B. The Stockholders own in the aggregate in excess of 50% of
the capital stock of the Company.
C. Acquisition Sub is a corporation duly organized, validly
existing and in good standing under the laws of the State of Delaware and has
full corporate power and authority to carry on its business as presently
conducted and to enter into this Merger Agreement.
D. Parent is the sole stockholder of Acquisition Sub.
E. The respective boards of directors of the Company and
Acquisition Sub deem it advisable and in the best interests of the Company and
Acquisition Sub, and their respective stockholders, that Acquisition Sub be
merged with and into the Company as authorized by the provisions of this Merger
Agreement and the laws of the States of California and Delaware (the "MERGER"),
and each such board of directors has duly approved this Merger Agreement.

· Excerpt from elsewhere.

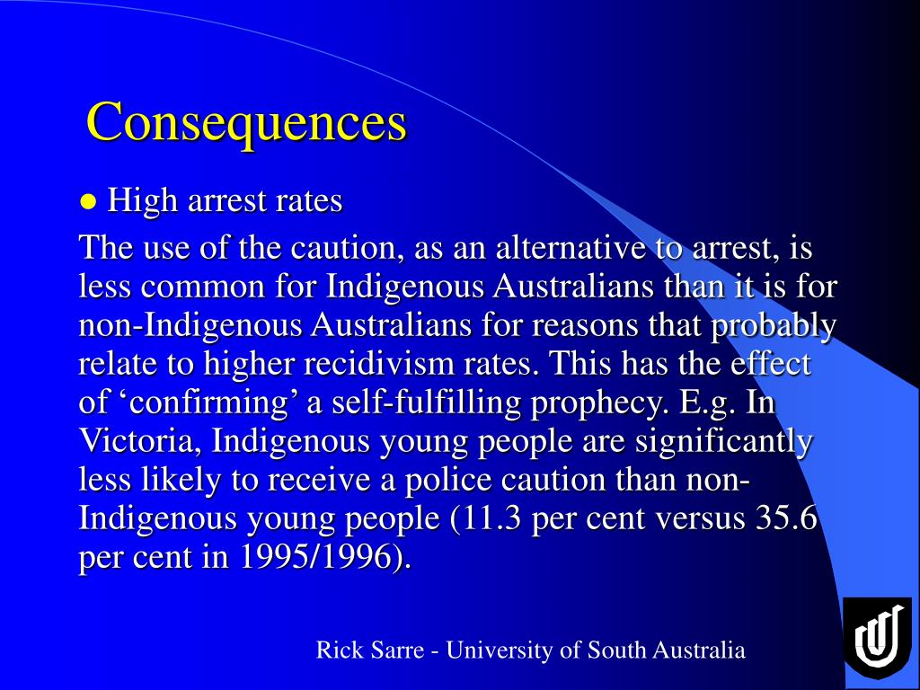 Consequences • High arrest rates The use of the caution, as an alternative to arrest, is less common for Indigenous Australians than it is for non-Indigenous Australians for reasons that probably relate to higher recidivism rates. This has the effect of ‘confirming’ a self-fulfilling prophecy. E.g. In Victoria, Indigenous young people are significantly less likely to receive a police caution than non-Indigenous young people (11.3 per cent versus 35.6 per cent in 1995/1996).
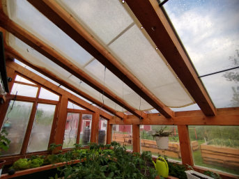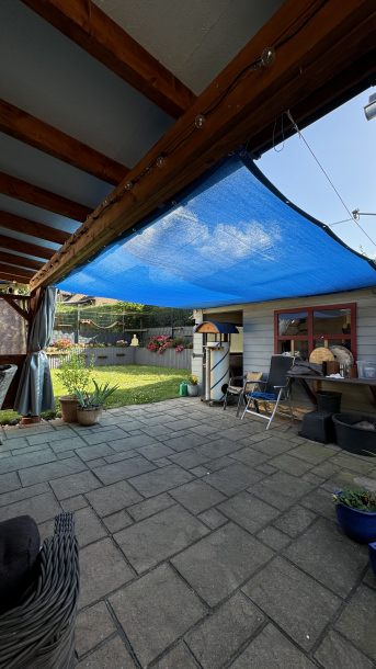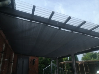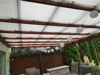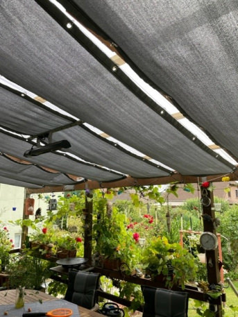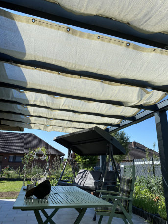 We use the shade nets to shade our winter garden and our pergola. For the pergola, we had individual strips made to measure between the beams and attached them underneath with rubber bands and screw hooks. We are very happy with the nets. We think the ratio between shading and light transmission is perfect, so that it doesn't get too dark underneath, even when it's only cloudy. I can only recommend the nets. translated, original text: "Wir nutzen die Schattiernetze zum Abschatten unseres Wintergartens und für unsere Pergola. Bei der Pergola haben wir einzelne Streifen zwischen den Balken auf Maß anfertigen lassen und untenliegend mit Gummis und Schraubhaken befestigt. Wir sind mit den Netzen sehr zufrieden. Das Verhältnis zwischen Abschattung und Lichtdurchlass, damit es darunter nicht zu dunkel wird, auch wenn es nur bewölkt ist, finden wir perfekt. Ich kann die Netze nur empfehlen."

F. The respective shareholders of the Company and Acquisition
Sub have duly approved, in accordance with the applicable laws of the State of
Delaware and the State of California, respectively, the principal terms and
provisions of this Merger Agreement.
NOW, THEREFORE, in consideration of the promises and the
mutual covenants and agreements herein set forth and for the purpose of
prescribing the terms and conditions of the Merger, the parties hereto agree as
follows:
SECTION 1. THE MERGER. Acquisition Sub shall be merged with and into
the Company, which, at and after the Effective Time, shall be and is hereinafter
sometimes referred to as the
"SURVIVING CORPORATION." Acquisition Sub and the Company are hereinafter
sometimes collectively referred to as the "CONSTITUENT CORPORATIONS."
SECTION 2. EFFECTIVE TIME OF THE MERGER. The Merger shall become
effective upon the filing of an executed copy of this Merger Agreement and all
requisite accompanying certificates with the Secretary of State of the State of
California. The time when the Merger shall become effective is referred to
herein as the "EFFECTIVE Time."
SECTION 3. EFFECT OF THE MERGER. At the Effective Time, the identity,
existence, corporate organization, purposes, powers, objects, franchises,
privileges, rights, immunities, restrictions, debts, liabilities and duties
(collectively, the "CORPORATE RIGHTS") of the Company shall continue in effect
and be unimpaired by the Merger, and the Corporate Rights of Acquisition Sub
shall be merged with and into the Company, which shall, as the Surviving
Corporation, be fully vested therewith. At the Effective Time, the separate
existence and corporate organization of Acquisition Sub shall cease, and
Acquisition Sub shall be merged with and into the Surviving Corporation.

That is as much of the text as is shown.